Post Reply 
Faster factor finder method for 42S
11-26-2019, 04:24 PM
Post: #1
Faster factor finder method for 42S
There's nothing novel here from a mathematics standpoint - it's just the same old mod-30 sieve we've been doing for decades. Rather, I found a way to use matrices on the 42S to do the trial divisions much faster.

Here's the code with some C-like comments:

Code:
LBL "FACTOR"
XEQ "SS"    //Save stack

//Store number to factor, and its square root
STO 01
SQRT
STO 04

//Initialization
CLA
SF 01
CF 09

//Create the matrix for the first 4 divisors
4
1
DIM "D"
INDEX "D"
J-
0
2
XEQ 00
1
XEQ 00
2
XEQ 00
2
XEQ 00
STO 00

//Main loop
LBL 01
FS? 09        //Completely factored?
GTO 09        //Go to exit routine.

//Divide the remaining product by all divisors and store fractional parts in "R"
RCL 01
RCL "D"
÷
FP
STO "R"

//See if any remainder is 0
INDEX "R"
[MIN]
X=0?
GTO 02

//See if the current max divisor is greater than the square root
RCL 04
RCL 00
X>Y?
GTO 06

//First time through the loop, go set up the matrix for the next 8 divisors
FS?C 01
GTO 10

//Otherwise add 30 to all divisors for the next loop
30
STO+ "D"
STO+ 00
GTO 01        //Back to the start of the loop.

//Main loop ends here.

//Last factor is the remaining product
LBL 06
RCL 01
AIP
AVIEW
GTO 09

//Factor out the current divisor
LBL 02

RDown        //Get the divisor that corresponds to the zero remainder from trial division
1
INDEX "D"
STOIJ
RCLEL
STO 02

CLX        //Initialize factor's power to zero
STO 03

LBL 03        //Divide out factor as many times as possible
RCL 01
RCL 02
MOD
X≠0?
GTO 04
LASTX
STO÷ 01
1
STO+ 03
GTO 03

LBL 04        //Display update routine
RCL 02
AIP
1
RCL 03
X>Y?
├"↑"
X>Y?
AIP

1        //Check if fully factored
RCL 01
X=Y?
SF 09

SQRT        //Update the square root of remaining product
STO 04

FC? 09        //Append "×" if there are more factors
├"×"
AVIEW
GTO 01        //Go make another pass with the same set of divisors

//Add the next divisor to the divisor matrix using increment in X
LBL 00
+
STOEL
J-
RTN

//Create the 8-element divisor matrix for passes 2+
LBL 10
8
1
DIM "D"
INDEX "D"
J-
RCL 00
4
XEQ 00
2
XEQ 00
4
XEQ 00
2
XEQ 00
4
XEQ 00
6
XEQ 00
2
XEQ 00
6
XEQ 00
STO 00
GTO 01        //Back to the start of the loop.

//Exit & cleanup
LBL 09
CF 01
CF 09
XEQ "RS"    //Restore stack
END

"SS" and "RS" are the save-stack and restore-stack routines I have on my 42S. You can remove/substitute these calls as needed.

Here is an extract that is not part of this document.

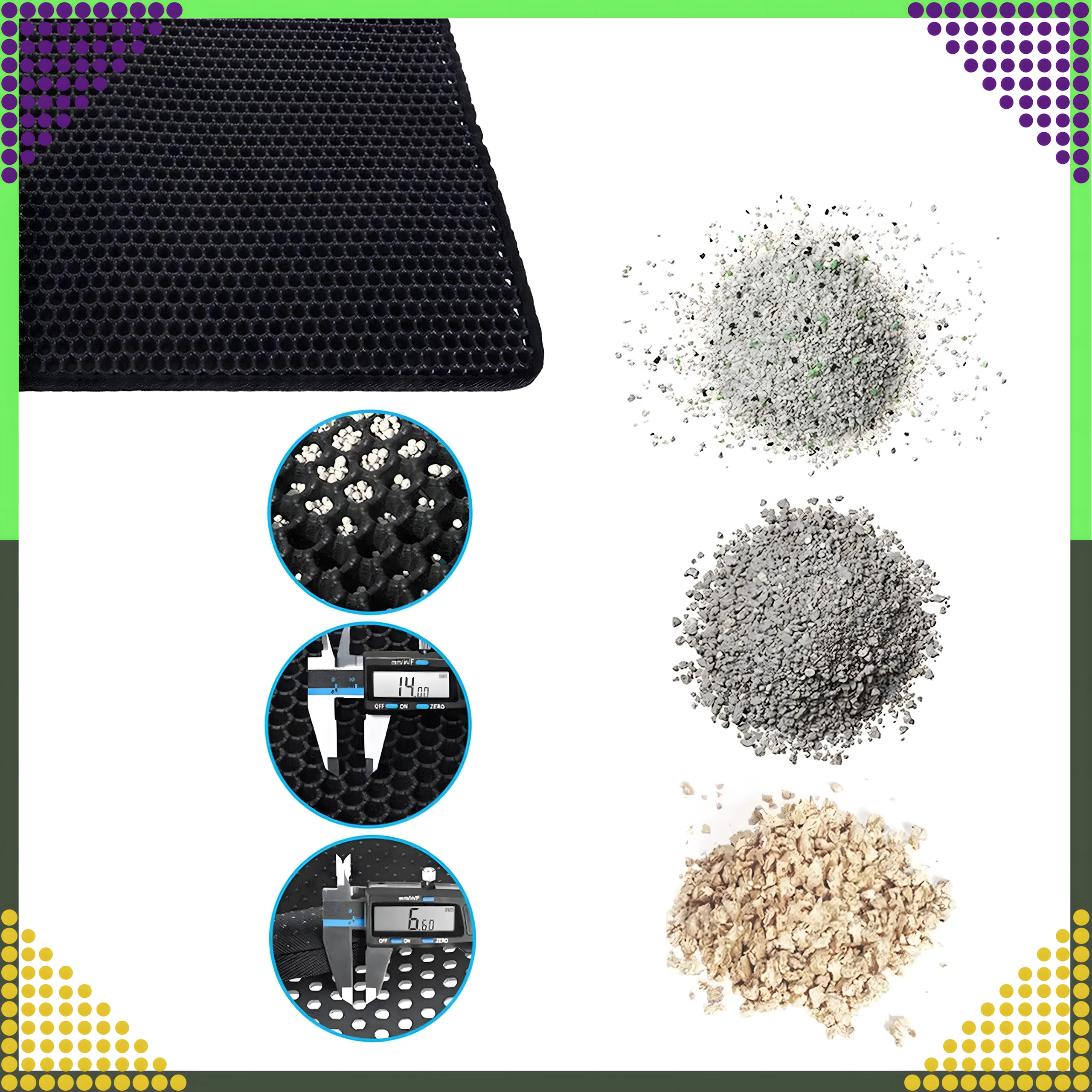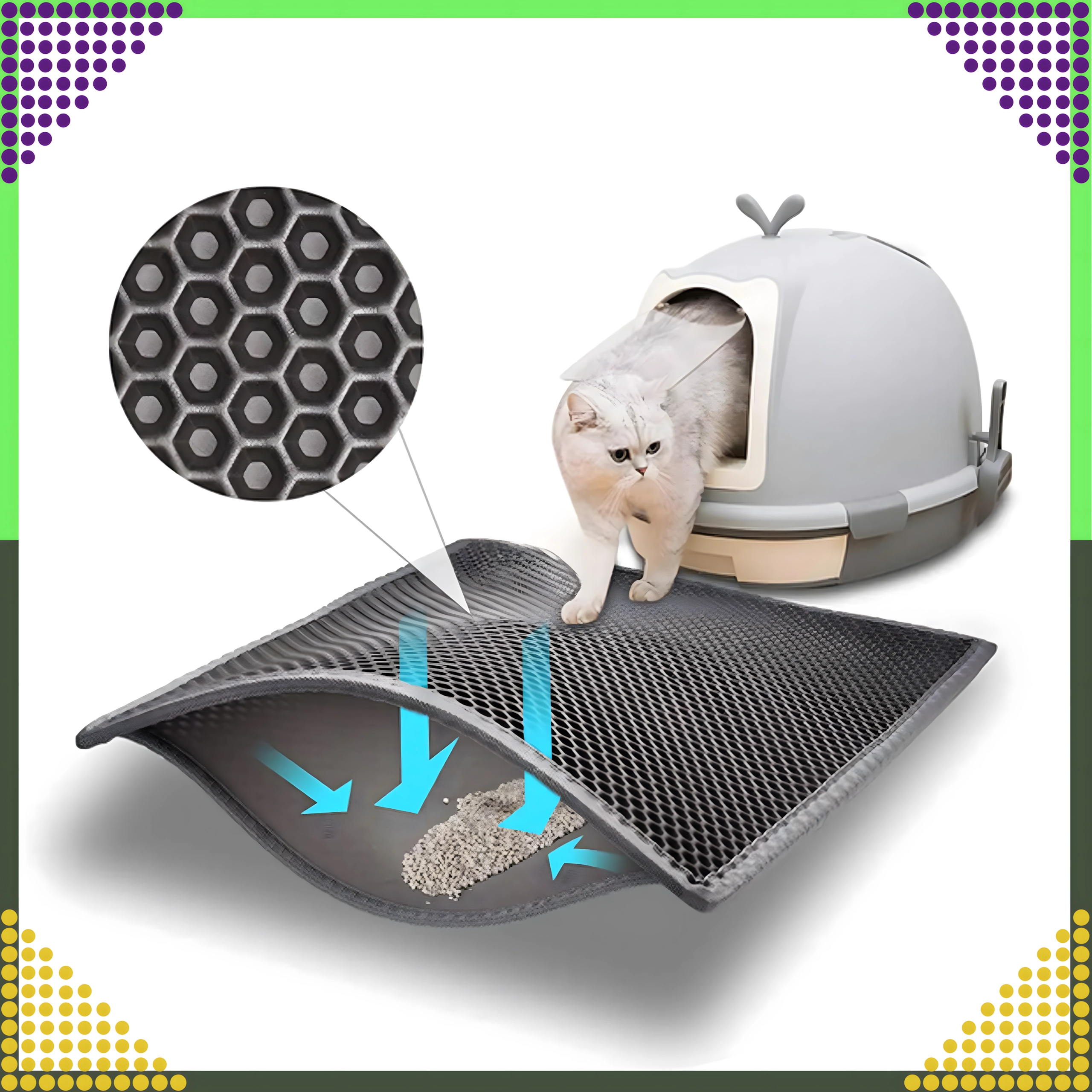Praktická a hygienická podložka s dvojitou vrstvou je navržena tak, aby zachytila drobky steliva z tlapek ihned po odchodu z toalety. Horní voštinová vrstva propouští granulky do spodní kapsy, kde se bezpečně shromažďují – jednoduše je poté vyprázdníte zpět do toalety nebo do koše. Díky protiskluzové spodní straně podložka neujíždí a drží stabilně na místě.

Variables, registers, and flags:

Code:
Regs

00 - Current max divisor
01 - Number to factor/remaining product
02 - Current divisor/factor
03 - Power of current factor
04 - Square root of number to factor/remaining product

Flags

01 - First pass
09 - Fully factored

Variables

"D" - Divisors
"R" - Remainders

The basic idea is that rather than repeatedly doing 4, XEQ 01, 2, XEQ 01, 4 XEQ 01... making 8 calls in each loop, all the trial divisors are stored in a matrix and divided all at once. Then FP takes their fractional parts, and the undocumented matrix function [MIN] identifies any of the divisions with no remainder. Found factors get fully divided out and displayed, and if none are found, 30 is added to the divisor matrix and the loop repeats. This continues until the divisors exceed the square root of the remaining product, or the input number has been fully factored down to 1.

A couple of informal timing tests of factoring 9,999,999,971:

Original mod-210 factor finder with incr. XEQ - 1m30s
New matrix-based mod-30 factor finder - 53s

I got the idea from a TI-84 factor finder that uses essentially the same technique with lists. It dawned on me that it could be done with matrices on the 42S.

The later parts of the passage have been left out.